I still think it’s generative. You can go to your parents’ basement and have a residency if you want, have dedicated space and time, but that’s not the same as going to someplace like MacDowelll where everything is set up to try to tell you that “We think what you do is important. We think it’s crucial to our work with the culture, and we’re going to pay for it.” And then having these other people around. My first time at MacDowell, the person in the studio next to me was Meredith Monk, a choreographer and singer who has been a hero of mine for years. Having her in the next studio—you know, if I needed inspiration I would just roll down my window and hear her singing across the way. It was the muse! That was really important and still is important. I know not everyone does them [residencies]. Some people can’t because of their family commitments or their job commitments, and that’s sort of sad to me. Other people feel those [artists’ colonies] are sort of artificial crutches. I guess if your idea of inspiration and community is artificial, then you would think that, but I thought they were wonderful.

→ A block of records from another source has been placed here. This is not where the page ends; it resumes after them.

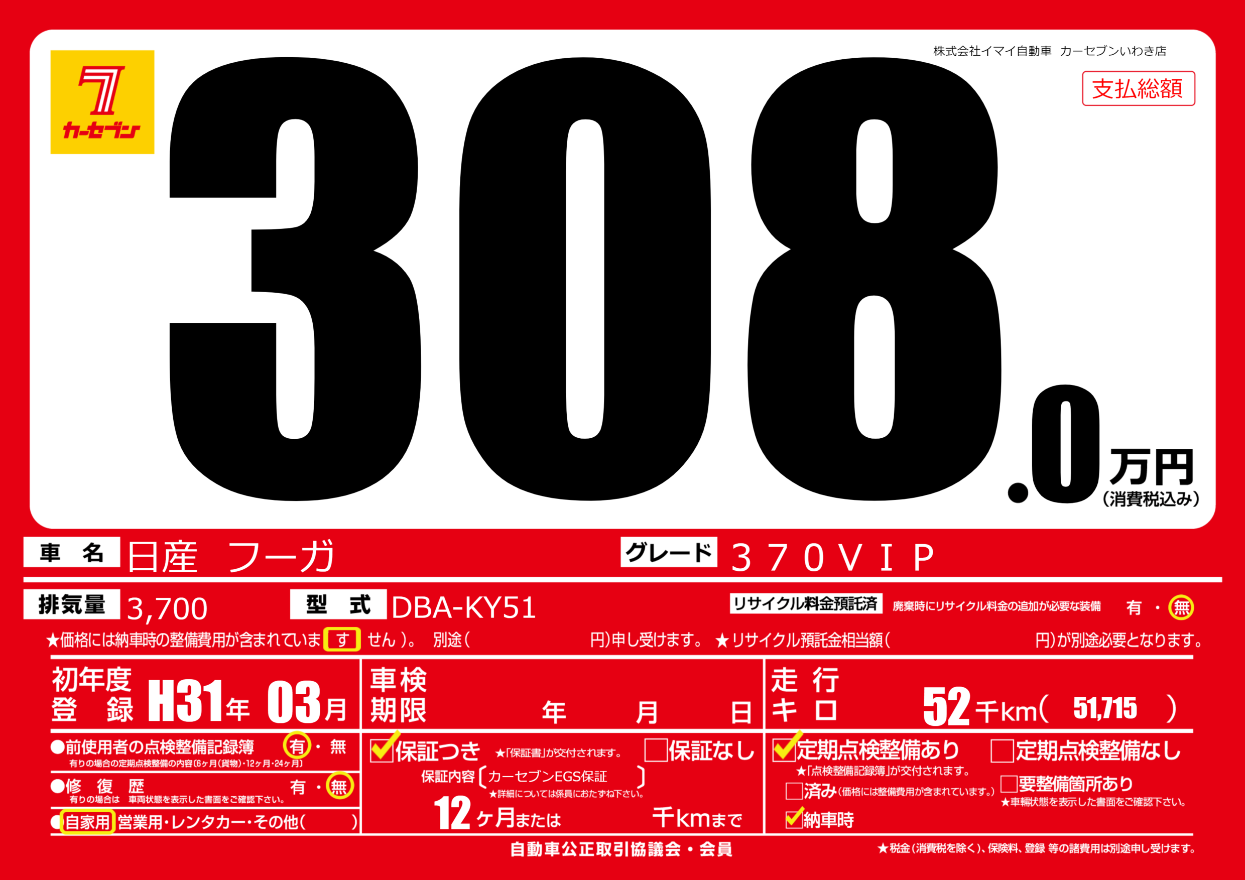 | 車名 | 日産 フーガ | グレード ミッション 排気量 |
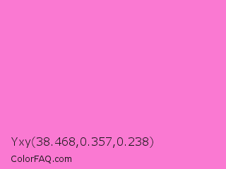 Yxy 38.468,0.357,0.238 Color is a light magenta color and the nearest color is Princess Perfume #ff85cf. Hex code #fa79d2 and RGB value is rgb(250,121,210). In RGB color space, this color is composed of 98% red, 47% green, 82% blue, In CMYK color space, this color is composed of 0% cyan, 52% magenta, 16% yellow , 2% black , In HSL color space, this color has a hue angle of 319° , 93% saturation and 73% lightness.
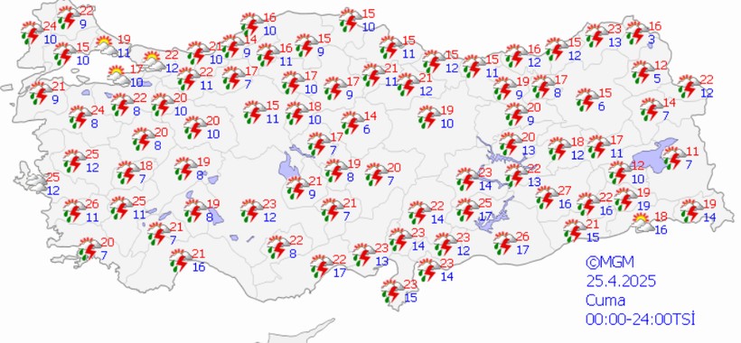 Öte yandan Meteoroloji Genel Müdürlüğü İstanbul’da da beklenen sağanak için tarih verdi. 21 Nisan saat 12.42’de yayınlanan son rapora nazaran Cumartesi günü İstanbul’da kuvvetli yağış bekleniyor.
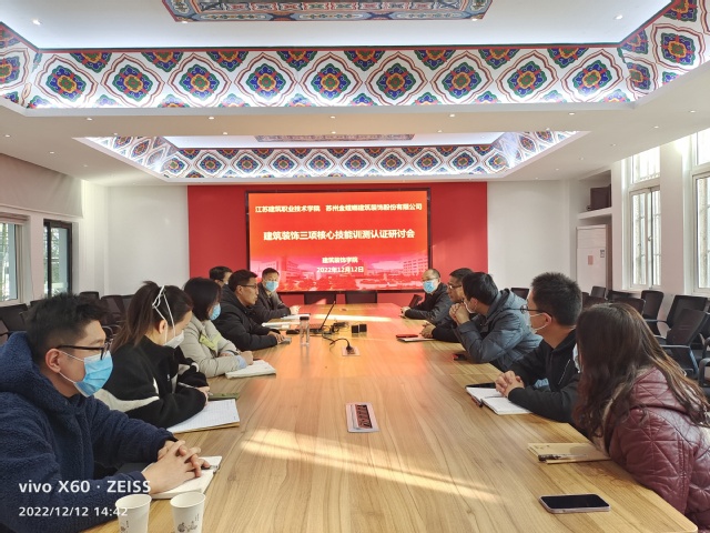 12月12日,太阳成tyc33455ccwww与金螳螂建筑装饰股份有限公司共同举办的建筑装饰三项核心技能训测认证暨高水平专业群一体化空间建设研讨会在公司召开。太阳成tyc33455ccwww党总支书记娄志刚、副经理袁涛及全体班子成员和部分专业主任参加了研讨会。
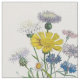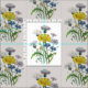 Alte botanische Darstellung von Maisblumen in Blau, Gelb und Weiß.

They were, in terms of community, ad hoc and temporary. You come together and work together—if you do; most residency programs are totally unstructured. Some people just go and seclude [themselves]. Some people do collaborative work.
BWR: Do you feel like you have something like that now, associated with your teaching and the community of writers where you are now?
GCW: No. No, we’re all very busy, and two of my four creative writing colleagues at Bucknell have small children, and so they have their community—their residency project—it’s called toddlers! So they go home. Which is wonderful, but it doesn’t encourage that kind of working together. We’re aesthetically very different, the five of us who teach at Bucknell, also.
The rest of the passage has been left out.